### Dataset content

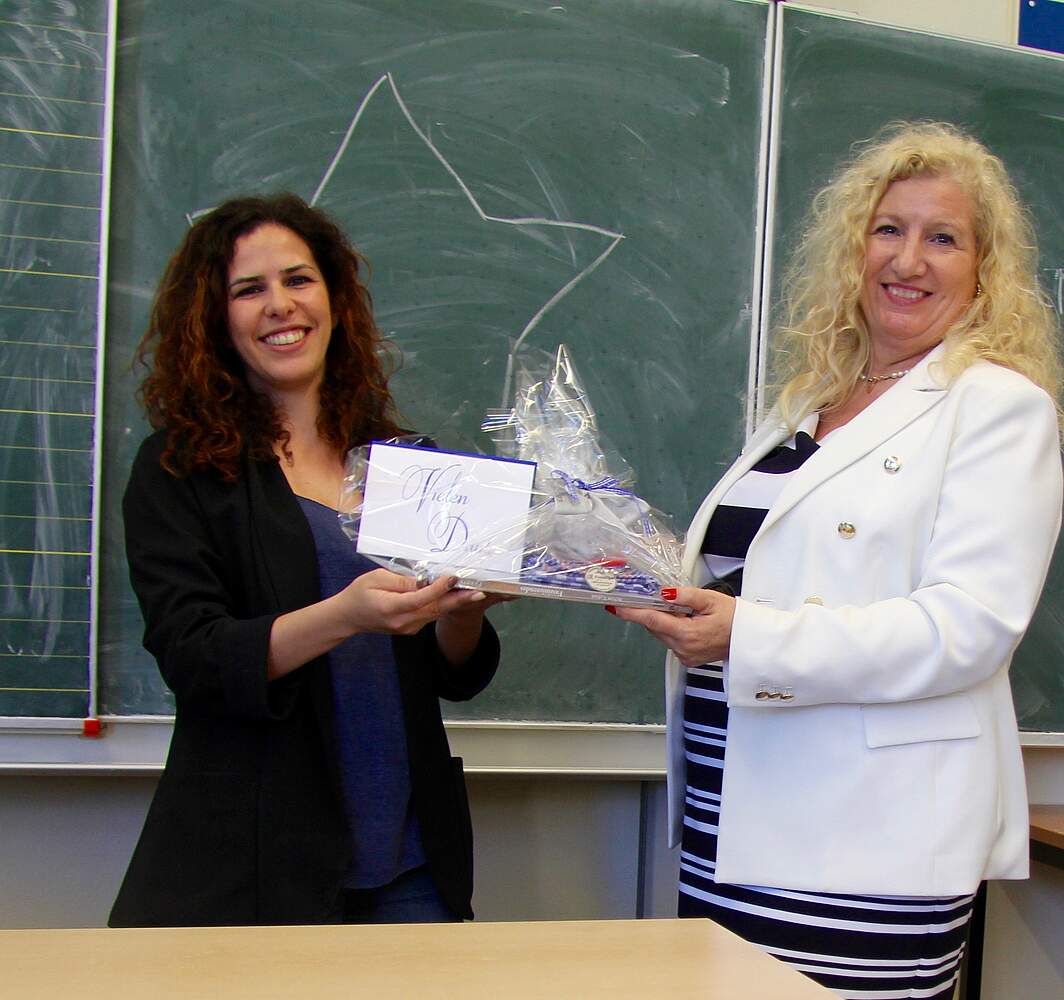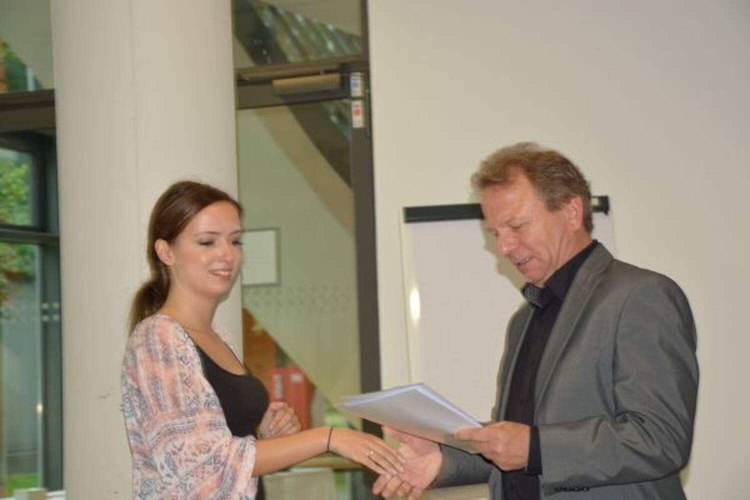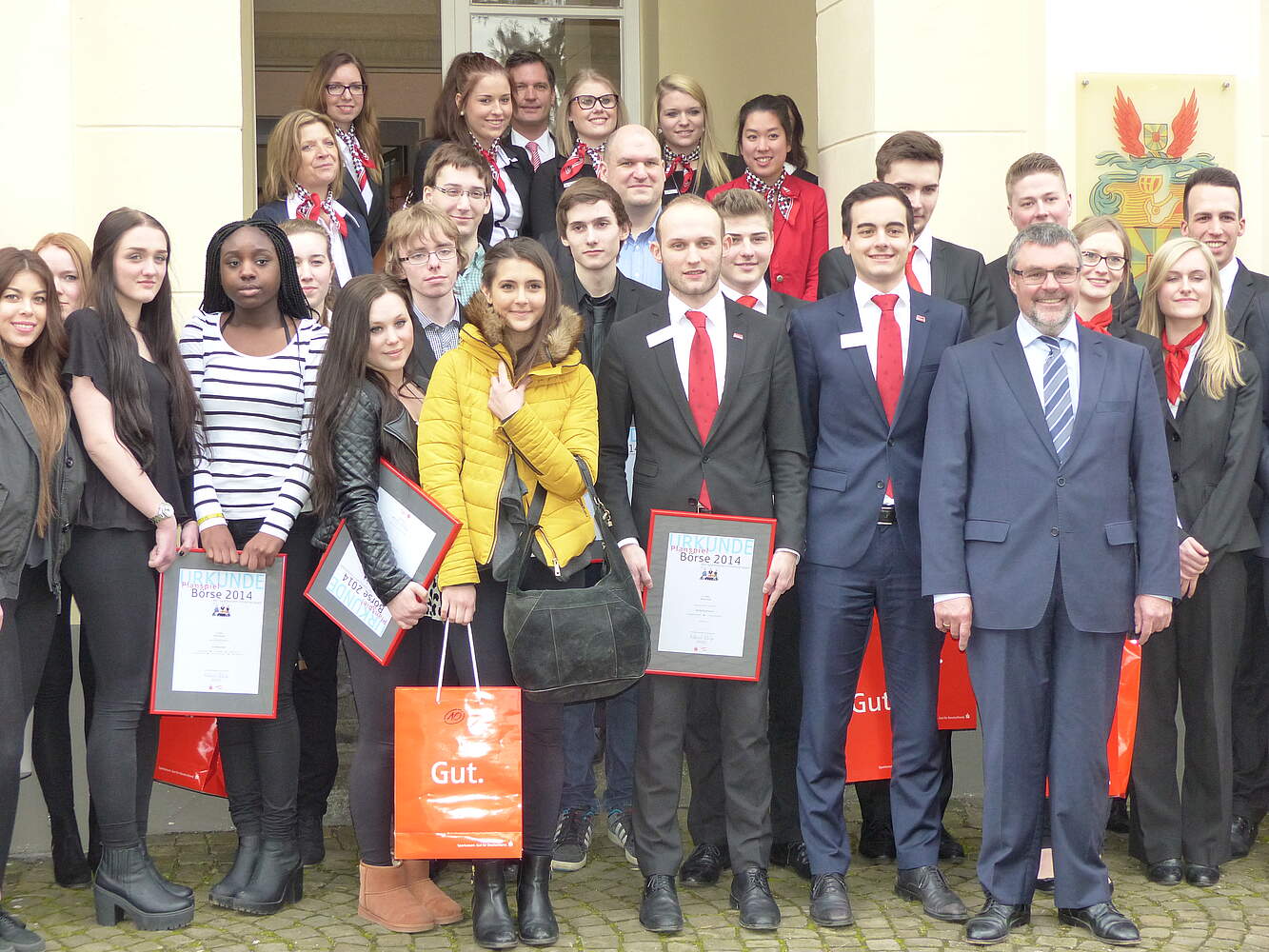 Dabei sind wir besonders stolz darauf, dass hier zum zweiten Mal in Folge mit Frau Inga Langemeyer und Frau Dana Sturm die besten Auszubildenden im Groß- und Außenhandel, Fachrichtung Außenhandel beide Preisträgerinnen unsere Schule besucht haben. Das hohe Niveau unserer Ausbildung in diesem Bereich wird zudem dadurch deutlich, dass von den sieben Absolventen in diesem Bereich, die in diesem Jahr in NRW die Note „sehr gut“ erreicht haben, fünf von unserem Berufskolleg stammen.
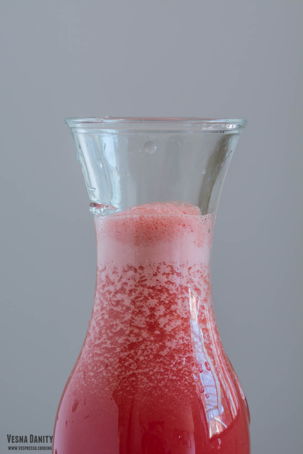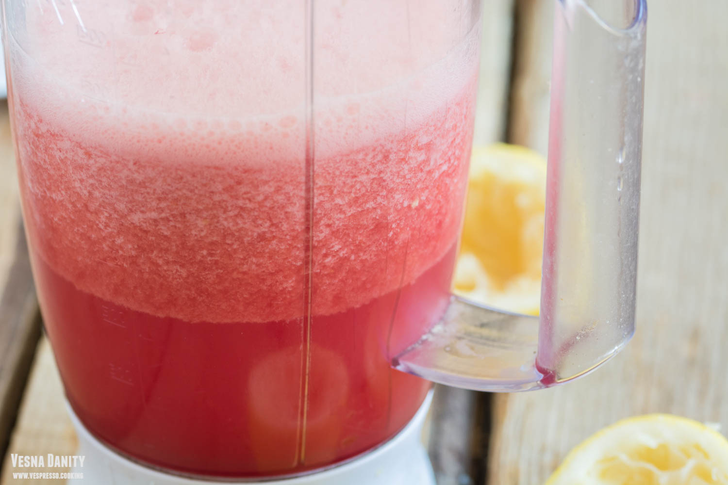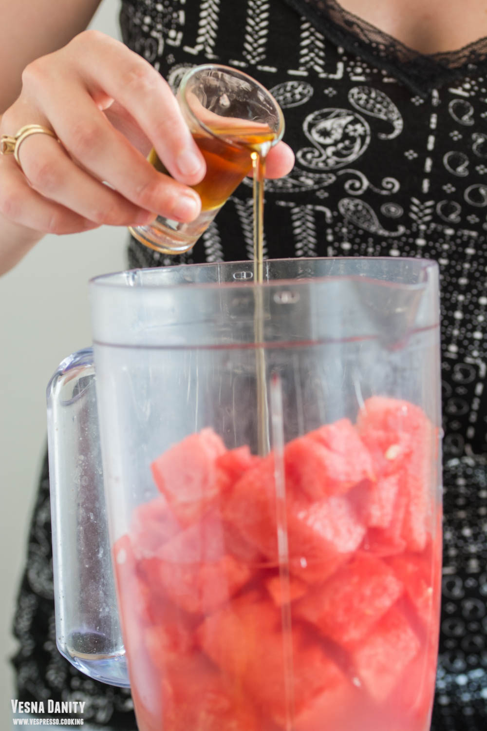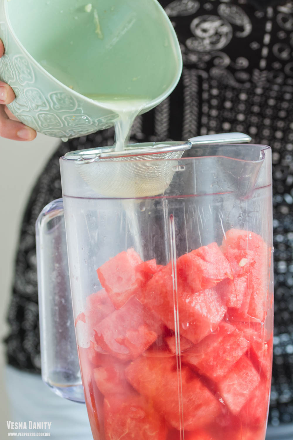 - Mixarea pepenelui. Am așezat cuburile de pepene verde în vasul unui blender, după care am adăugat apa și 1 lingură de sirop de arțar. Am așezat o sită deasupra vasului și am strecurat zeama de lămâie (ca să nu ajungă pulpa și semințele lămâii în blender).
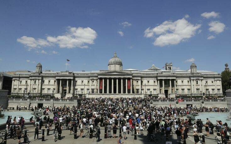 Οι διαδηλωτές γονάτισαν στην Τραφάλγκαρ Σκουέρ του Λονδίνου φωνάζοντας «Καμία δικαιοσύνη, καμία ειρήνη» και στη συνέχεια πραγματοποίησαν πορεία προς το κοινοβούλιο και κατέληξαν έξω από την αμερικανική πρεσβεία.
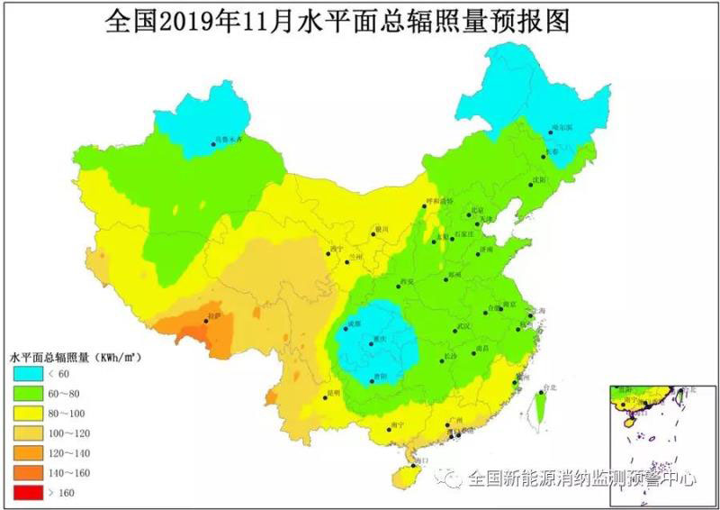 附圖4 全國2019年11月水平面總輻照量預(yù)報(bào)圖
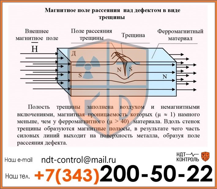 Магнитопорошковый метод неразрушающего контроля — процесс диагностики сварных соединений с целью выявления возможных дефектов. Процесс проведения представляет собой намагничивание исследуемого участка сварного соединения и зоны вокруг него. Контролируемая поверхность намагниченного сварного шва обрабатывается ферромагнитным порошком-суспензией (мокрый способ) или аэрозолем (сухой способ). Частицы нанесенных веществ под воздействием втягивающей силы магнитных полей рассеяния собираются, концентрируются над дефектом и приобретают его очертания. Технология проведения магнитопорошкового неразрушающего контроля прописана в ГОСТ 21105-75 «Контроль неразрушающий. Магнитопорошковый метод» и прочей технической документации. Специалисты Компании «НДТ-контроль» осуществят магнитопорошковый метод неразрушающего контроля на вашем предприятии по низкой цене и на выгодных условиях.
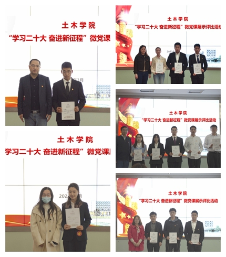 为深入学习宣传贯彻习近平新时代中国特色社会主义思想和党的二十大精神,贯彻落实习近平总书记关于青年工作的重要论述,3月16日,土木学院在学E报告厅举办“学习二十大 奋进新征程”学生党员讲微党课展示评比活动。来自13个学生党支部的选手参加了展示,学院党委书记车晶波、校党委学工部思想教育科科长王梦鸽,土木学院专业基础部党支部书记董军,道桥工程系支部书记金珊珊,以及9个学生党支部的支部书记共12人担任评委。学生党员、入党积极分子等80余人参与了观摩。
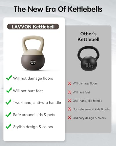 Experience a Safe Workout: Our LAVVON soft kettlebell features a sand-filled base to reduce impact, protecting your floors while minimizing noise. This makes it an ideal choice for strength training kettlebells, ensuring a safe and comfortable workout experience.
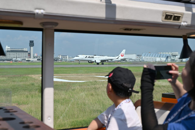 伊丹空港の制限区域を走る「JAL×ガンダム レストランバス」から離陸するジェイエアのE190を見る参加者=25年8月30日 PHOTO: Tadayuki YOSHIKAWA/Aviation Wire
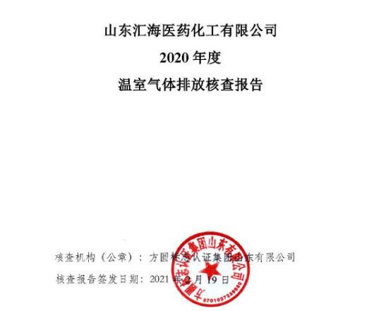 山東匯海醫藥化工有限公司碳排放核查報告發表時間:2021-04-06

### What is needed
Text only, no pictures: please print exactly the lines above from the line with "为深入学习宣传贯彻习近平新时" up to and including the line with "Tadayuki YOSHIKAWA/Aviation Wire", and nothing else.

### Answer for the task
 为深入学习宣传贯彻习近平新时代中国特色社会主义思想和党的二十大精神,贯彻落实习近平总书记关于青年工作的重要论述,3月16日,土木学院在学E报告厅举办“学习二十大 奋进新征程”学生党员讲微党课展示评比活动。来自13个学生党支部的选手参加了展示,学院党委书记车晶波、校党委学工部思想教育科科长王梦鸽,土木学院专业基础部党支部书记董军,道桥工程系支部书记金珊珊,以及9个学生党支部的支部书记共12人担任评委。学生党员、入党积极分子等80余人参与了观摩。
 Experience a Safe Workout: Our LAVVON soft kettlebell features a sand-filled base to reduce impact, protecting your floors while minimizing noise. This makes it an ideal choice for strength training kettlebells, ensuring a safe and comfortable workout experience.
 伊丹空港の制限区域を走る「JAL×ガンダム レストランバス」から離陸するジェイエアのE190を見る参加者=25年8月30日 PHOTO: Tadayuki YOSHIKAWA/Aviation Wire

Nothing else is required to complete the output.